RECORD SET
....................
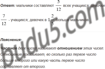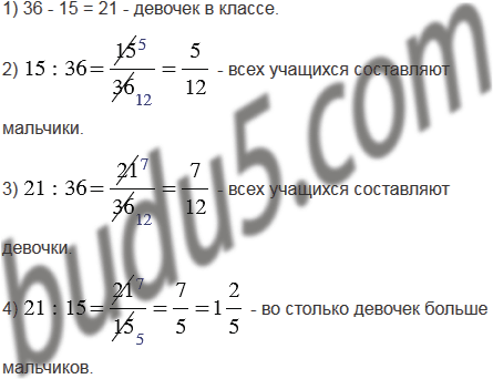 В классе 36 учащихся. Из них 15 мальчиков, а остальные - девочки. Какую часть учащихся составляют мальчики, а какую - девочки? Чему равно отношение числа девочек к числу мальчиков и что оно показывает?
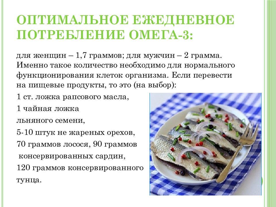 Слайд 9: Оптимальное ежедневное потребление Омега-3:
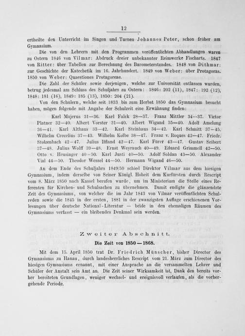 An dem Ende des Schuljahrs 1849/50 schied Direktor Vilmar aus dem hiesigen Gymnasium, indem derselbe von Seiner Königl. Hoheit dem Kurfürsten durch Rescript vom 8. März 1850 nach Kassel berufen wurde, um im Ministerium die Stelle eines Re- ferenten für Kirchen- und Schulsachen zu übernehmen. Damit endigte die glänzendste Zeit des Gymnasiums, von welcher die im Jahr 1843 von Vilmar veröffentlichten Schul- reden sowie die 1845 in der ersten, 1881 in der zwanzigsten Auflage erschienenen Vor- lesungen über deutsche National-Literatur— beide in den ehemaligen Räumen des Gymnasiums verfasst— ein bleibendes Denkmal sein werden.
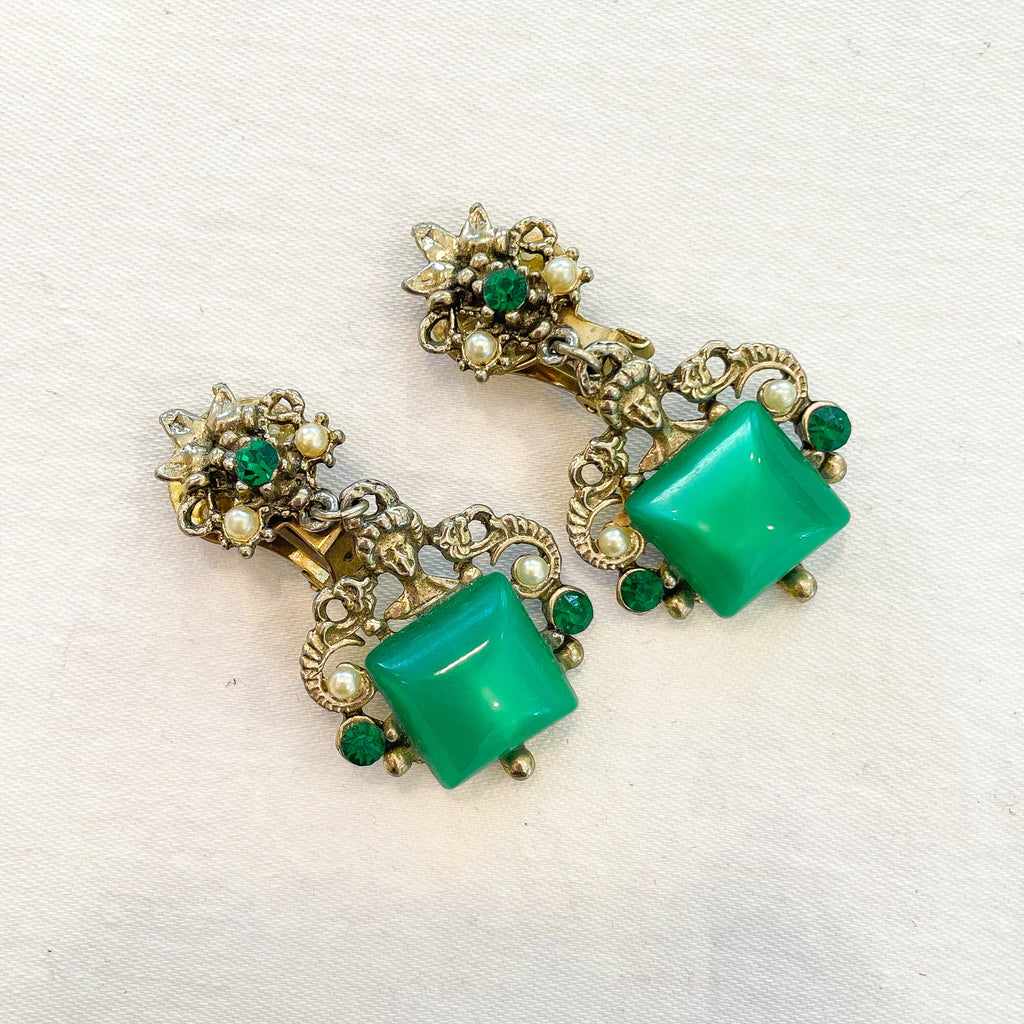 1 pair (2) dangle earrings with same details as above. Clip on earrings.
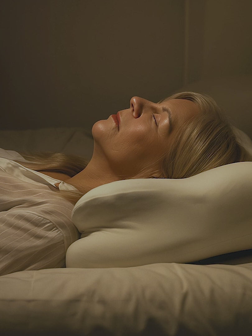 Most pillows (even the expensive ones) flatten under your weight, forcing your neck into unnatural angles that trigger your pain receptors and prevent deep REM sleep.
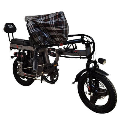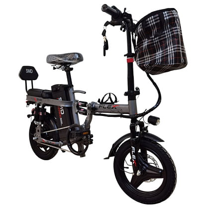 - SMD Flex со складной рамой и широким удобным сиденьем с амортизацией в виде подседельных пружин, представляет собой компактный электровелосипед. А передняя амортизация сделает езду по бездорожью максимально приятной и комфортной.
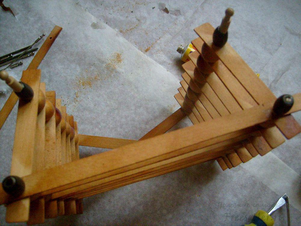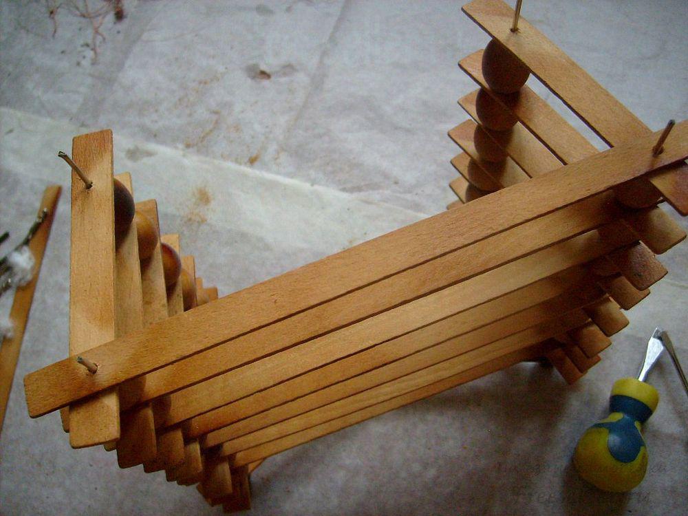 2. А далее собираем корпус, нанизывая на спицы по две короткие планки и по одной длинной.
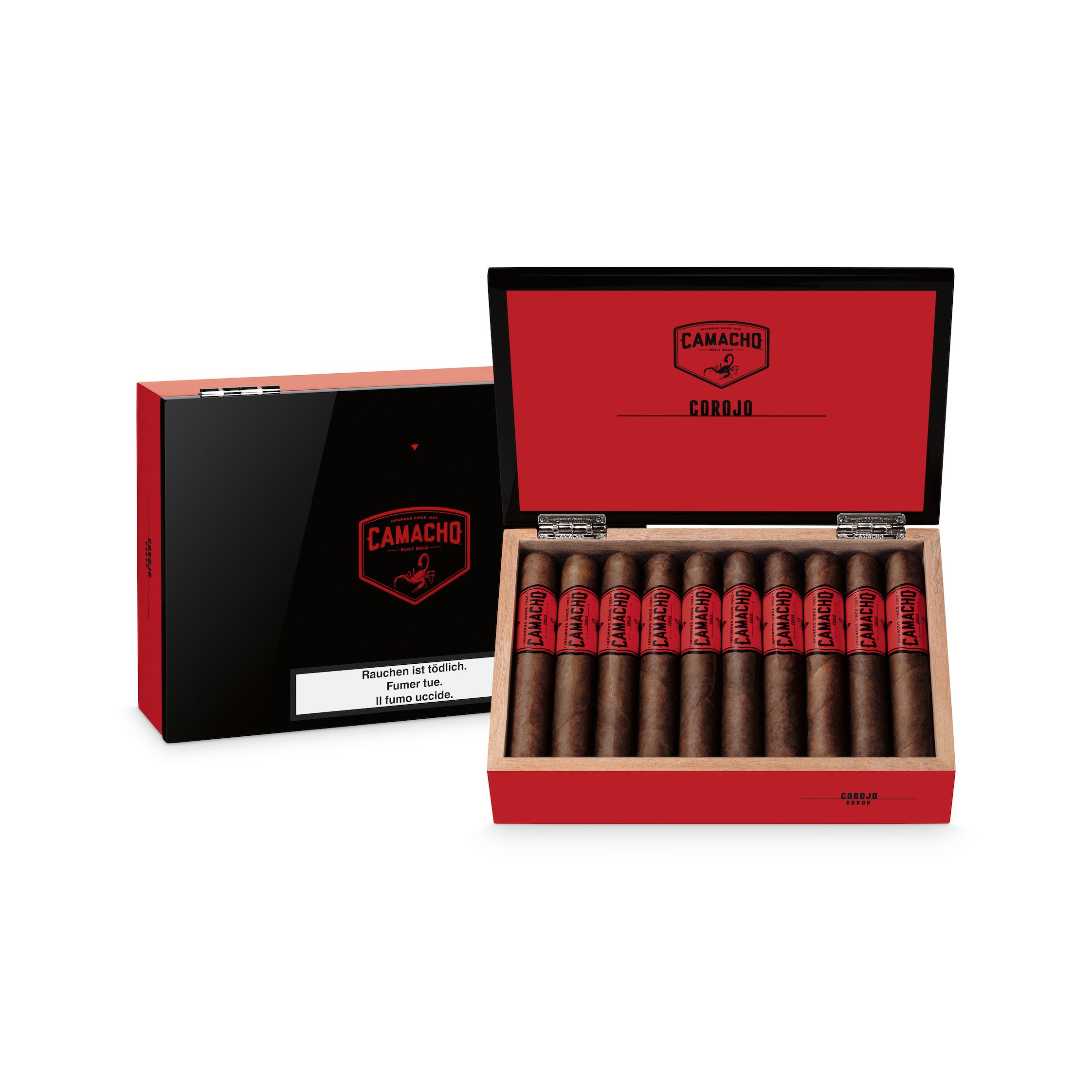 The Camacho Corojo Gordo is a gran robusto cigar that offers a bold, full-bodied smoking experience. Wrapped in cellophane, it ensures that each cigar retains its robust and spicy flavor. Expertly crafted and wrapped in protective cellophane, the Camacho Corojo Gordo Cello cigar guarantees a bold and vibrant smoking experience. The perfect way to enjoy a full-bodied and spicy flavor every time. The Camacho Corojo Gordo Cello cigar is expertly crafted and wrapped in protective cellophane, ensuring a bold, robust, and flavorful smoking experience every time.
....................
TASK REQUIREMENTS
With pictures omitted, restate exactly every line from the one containing "- SMD Flex со" through the last line of the material, inclusive.

ANSWER
 - SMD Flex со складной рамой и широким удобным сиденьем с амортизацией в виде подседельных пружин, представляет собой компактный электровелосипед. А передняя амортизация сделает езду по бездорожью максимально приятной и комфортной.
 2. А далее собираем корпус, нанизывая на спицы по две короткие планки и по одной длинной.
 The Camacho Corojo Gordo is a gran robusto cigar that offers a bold, full-bodied smoking experience. Wrapped in cellophane, it ensures that each cigar retains its robust and spicy flavor. Expertly crafted and wrapped in protective cellophane, the Camacho Corojo Gordo Cello cigar guarantees a bold and vibrant smoking experience. The perfect way to enjoy a full-bodied and spicy flavor every time. The Camacho Corojo Gordo Cello cigar is expertly crafted and wrapped in protective cellophane, ensuring a bold, robust, and flavorful smoking experience every time.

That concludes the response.